While past research around multiple sclerosis (MS) has indicated that genetic factors could enhance the chance of getting the illness, no study has been able to link inherited factors to the disease … until now. A Canadian study coming out of Vancouver Coastal Health, along with the University of British Columbia has revealed an uncommon genetic mutation, that causes a form of the disease.
Led by Professor Carles Vilarno-Guell, the research team has proven that multiple sclerosis can occur from a lone genetic mutation, known as NR1H3. The gene creates a protein, which then actions an ‘on-off switch’ (so to speak), for other genes. The team goes on to state that other genes will try to either stop the inflammation that damages myelin, or try and produce new myelin to restore any impairment.

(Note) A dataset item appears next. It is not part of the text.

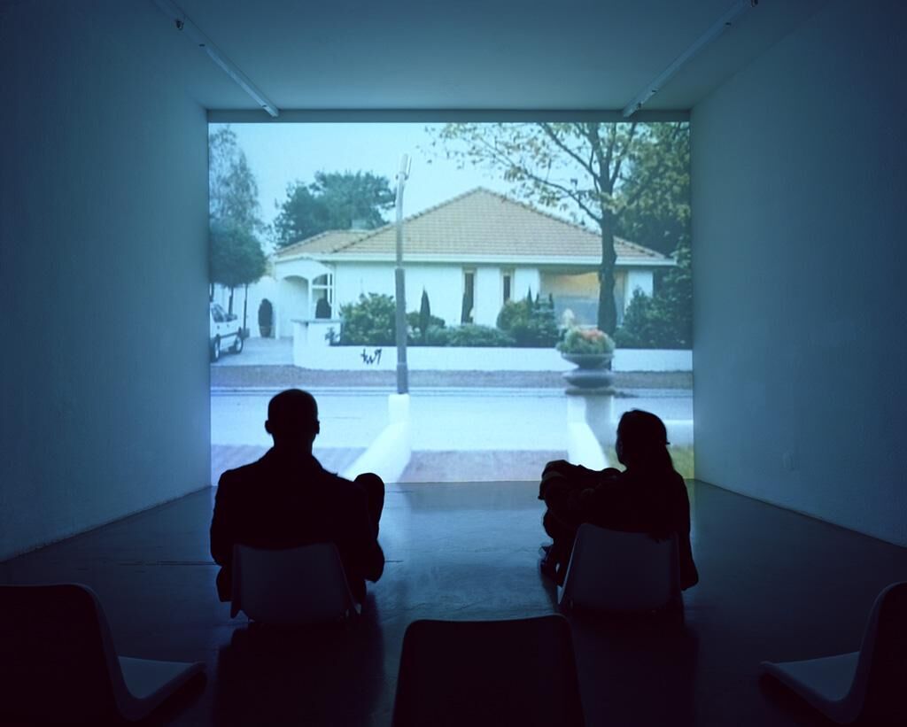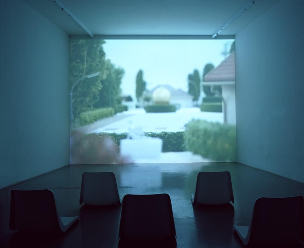 The cultivated idyll of sophisticated residencies pass by in peaceful regularity. Fastidiously tended front gardens, and the characteristic facades and trees of well to do establishments, assume park-like grounds behind the villas. A collage of reduced environmental sounds, synthetic tacts, and interlaced fragments of melodies, accompan the journey through this world that seems to get increasingly artificial. Paralysis envelops this place - a small dog acts as if he is numbed, the jet of a fountain seems to be frozen. The noise of a ringing telephone hints at the existance of inhabitants, in fact, all signs of existence in the work are implied through references. Differing layers of reality – part recordings of models, part photographs of actual settings – have been fused into a single image, into a synthetic idyll. The effect is unsettling – on the one hand, like the hostile entity of the idyll itself, and on the other hand, like the increasing perfection with which the synthetic and the real merge. (Michael Voets)

As fatty substance, myelin gets around neurons and aids in sending electrical signals to the brain. Should it get harmed, it interrupts the communication needed to help an individual’s body perform at optimal levels; thus creating muscle weakness, balance problems, vision issues, and other impairments associated to MS.
The team notes the findings in this study could help with therapies that focus on NR1H3, and counteract its devastating effects. The study team used blood samples from 4,400 participants with the disease, and 8,600 family blood members. The results revealed this mutation was found within two families in Canada, where several relatives had a fast-progressive type of MS. Within the families, two thirds of those participants with mutation ended up with the disease.

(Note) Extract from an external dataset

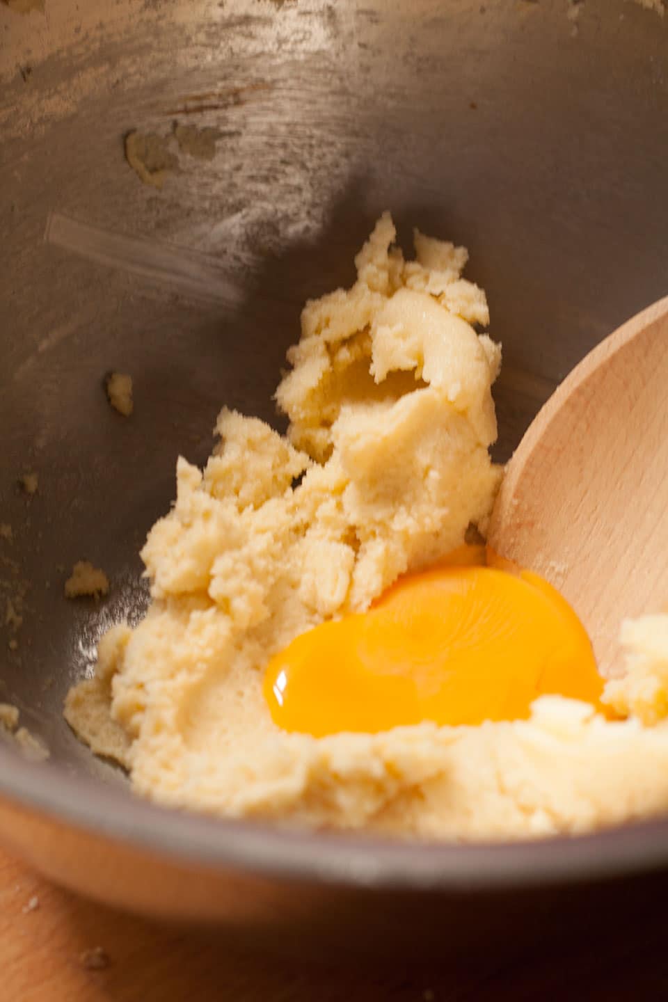 • Place the butter and sugar in a mixing bowl and beat until soft and well combined. Add the egg yolk and almond extract and most of the egg white. Beat to combine.

Still, the team notes merely one person, out of 1,000 with MS, have this certain mutation. Regardless, the results of this study link a biological connection that ends up to the rapidly-progressive type of the disease.

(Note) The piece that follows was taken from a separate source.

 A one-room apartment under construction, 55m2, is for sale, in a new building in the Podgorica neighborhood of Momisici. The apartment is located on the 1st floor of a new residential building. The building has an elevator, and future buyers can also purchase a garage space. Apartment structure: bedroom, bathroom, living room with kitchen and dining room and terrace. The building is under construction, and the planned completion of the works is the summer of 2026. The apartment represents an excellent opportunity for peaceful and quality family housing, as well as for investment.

Vilarino-Guell notes those who have this gene are likely to develop MS, at a rapid rate. He goes on to states that this could provide an important (and early) window to potentially stop the disease, or slow it down.
Medical News Today reported that researchers noted that screening for the mutation could launch early diagnosis and treatment, before symptoms occur. An example of some precautions that could be made, is opting to increase vitamin D intake, for those people who carry the mutation within their family history; as low levels of vitamin D have been connect with multiple sclerosis in the past.